Understanding Life Insurance
Introduction
Life insurance is confusing to many consumers. What product is best? Should I get cash values? Is life insurance a good investment? It’s overwhelming and difficult to know even where to start.
In this e-book we’re going to clear up that confusion. We’re going to break the problem down into specific steps and educate on each step. For best results, you want to do these steps in order:
- How Much Life Insurance
- Best Type of Life Insurance
- Best Life Insurance Company
By focusing on those steps, in that order, you will end up with proper insurance coverage.
However before we get into details let’s look at a basic principle of life insurance that will underpin our decisions – catastrophic financial loss.
Catastrophic Financial Loss
Before we begin I want to introduce an underlying insurance concept that will help us evaluate if we’re making the right decision. We’re going to apply the term ‘catastrophic financial loss’ as a reasonability test for our insurance decisions. We want our choices to meet all three of the words in the term; if our decision fails any of these three tests then either we are making a poor decision or we’re using life insurance for something other than pure insurance needs (which is fine, as long as you’re aware of this).
- Catastrophic – if we are using insurance to cover a loss, the amount of the loss should be catastrophic; i.e. it should be a loss that we can’t easily recovered from. A counter example to this would be consumer warranties. e.g. If you break your $800 iphone that’s no fun, but it’s not life altering. This is why most consumer advocates advise not to purchase electronic warranties. Conversely if you total your $30,000 car that would be much more of a catastrophic loss and thus something you should insure.

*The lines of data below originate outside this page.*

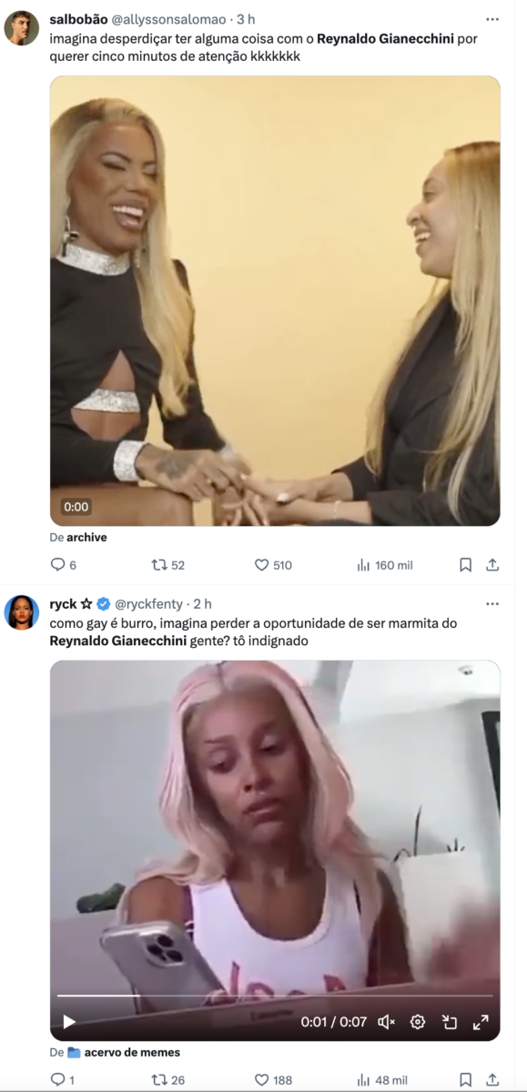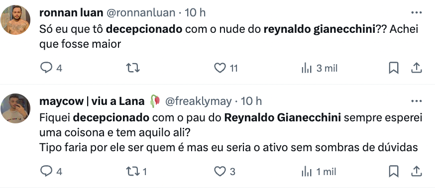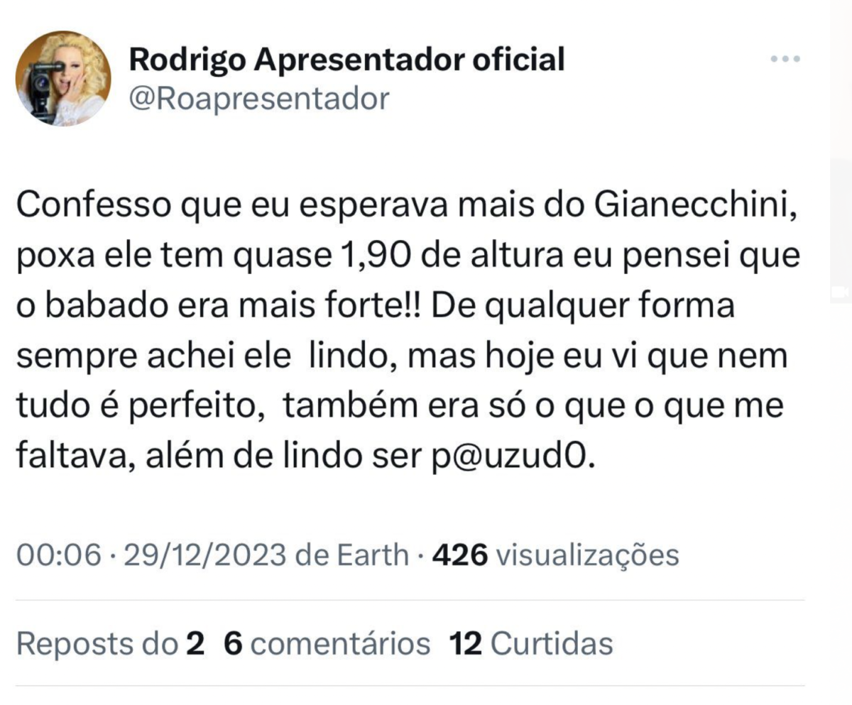 No X, o antigo Twitter, o vídeo foi compartilhado por muitos internautas e nome do ator ficou em segundo lugar entre os assuntos mais comentados. Até o momento, o Gianecchini não se manifestou sobre o ocorrido.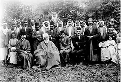 Front row (L to R) : Sobhi, 'Abdu'l Baha's Secretary, 'Abdu'l Baha, Jalal Azal and Aziz'u'llah Bahadur[1]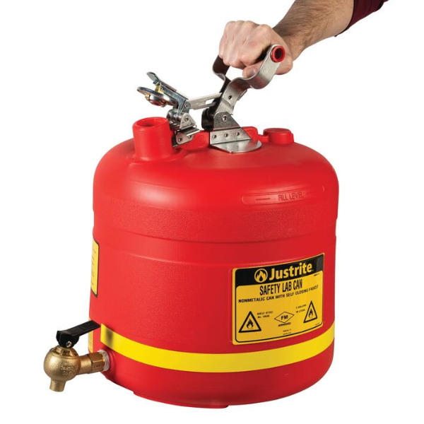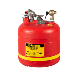 Zabezpieczający pojemnik laboratoryjny, polietylenowy, umożliwia wygodne i bezpieczne przelewanie płynów łatwopalnych do małych probówek, naczyń i zlewek.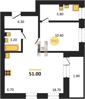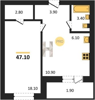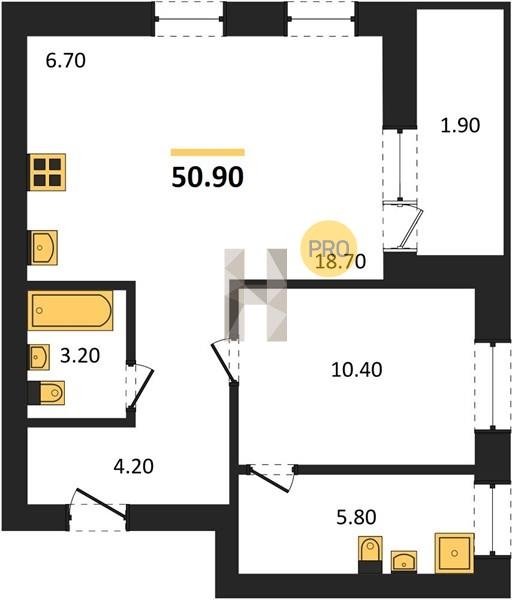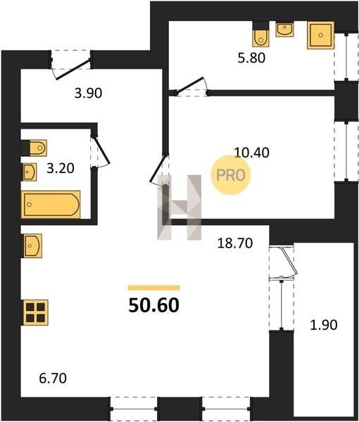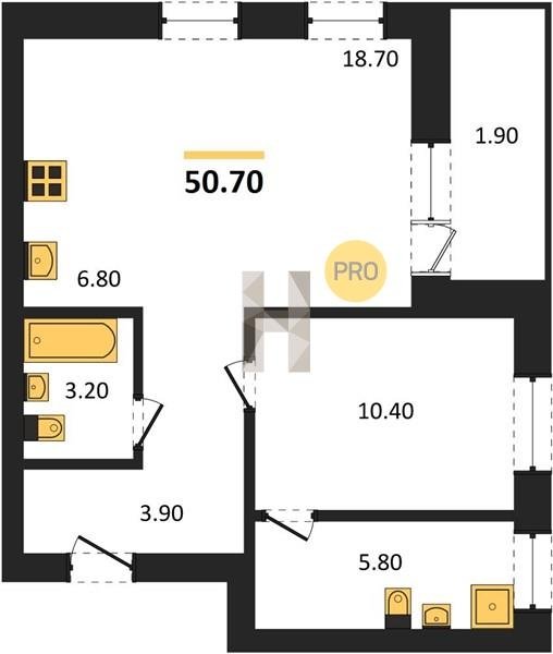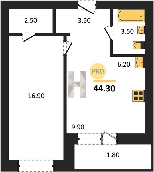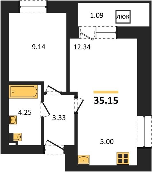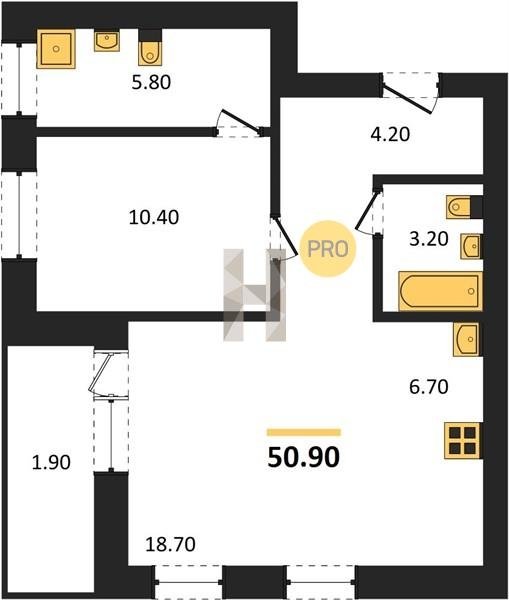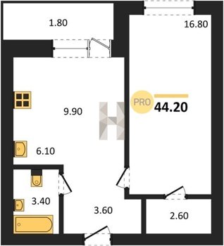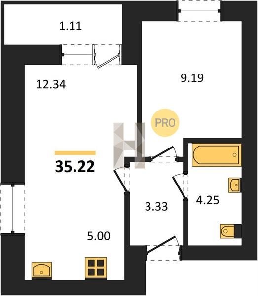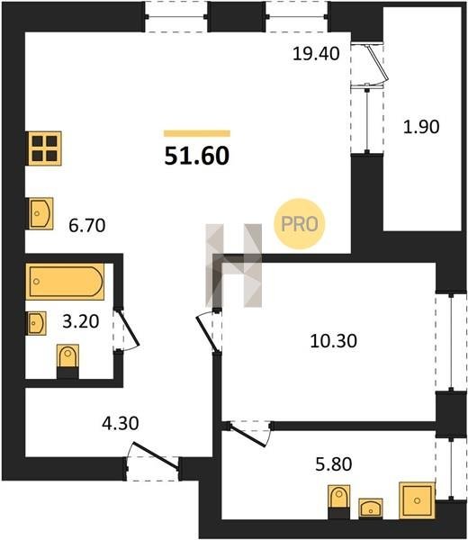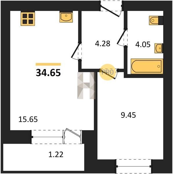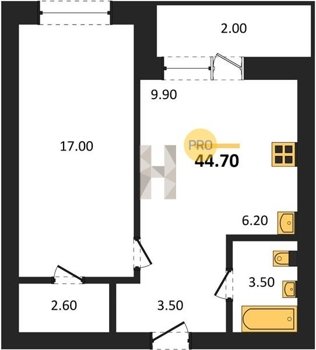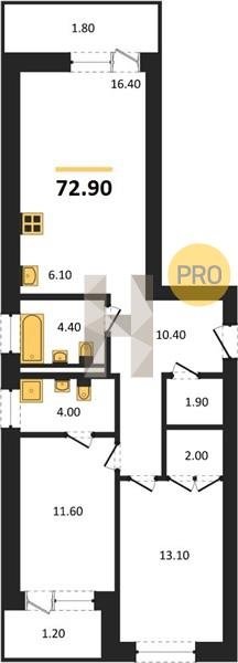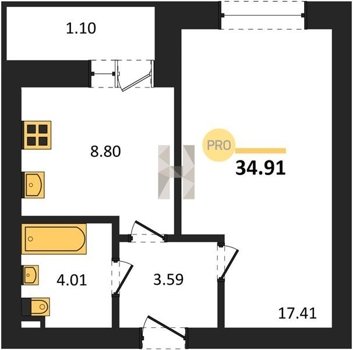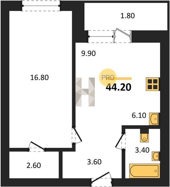 Площадь от 29.6 м2

- Financial – When determining our insurance needs, what we are seeking to cover should be financial. This is in contrast to insuring a need that is emotional. e.g. If you’re buying life insurance to gift your grandchildren some money on your passing, the amount isn’t financial – you’re making this decision based on emotions. In this case our insurance purchase would fail the financial test. Again, that’s fine as long as we’re aware and educated on what we’re doing.
- Loss – For insurance to make sense, we need to suffer a loss. If there’s no loss then we’re participating in a lottery. With both insurance and lotteries a bunch of people contribute ‘premiums’ into a pool; a random event happens that selects someone from the pool and that person receives the grouped proceeds from the pool (either you get lottery winnings, or an insurance payout). The difference is that with a lottery wealth is being created that wasn’t there before. With insurance we’re replacing lost wealth and returning us to the same position we were before. e.g. lets say you purchase mortgage life insurance to cover your mortgage. If you die, what happens to the mortgage? Nothing – there’s no loss. This tells us that we’re looking at the wrong thing – in this case we probably want to be looking at the income that’s being used to pay our mortgage. And your income is lost upon death.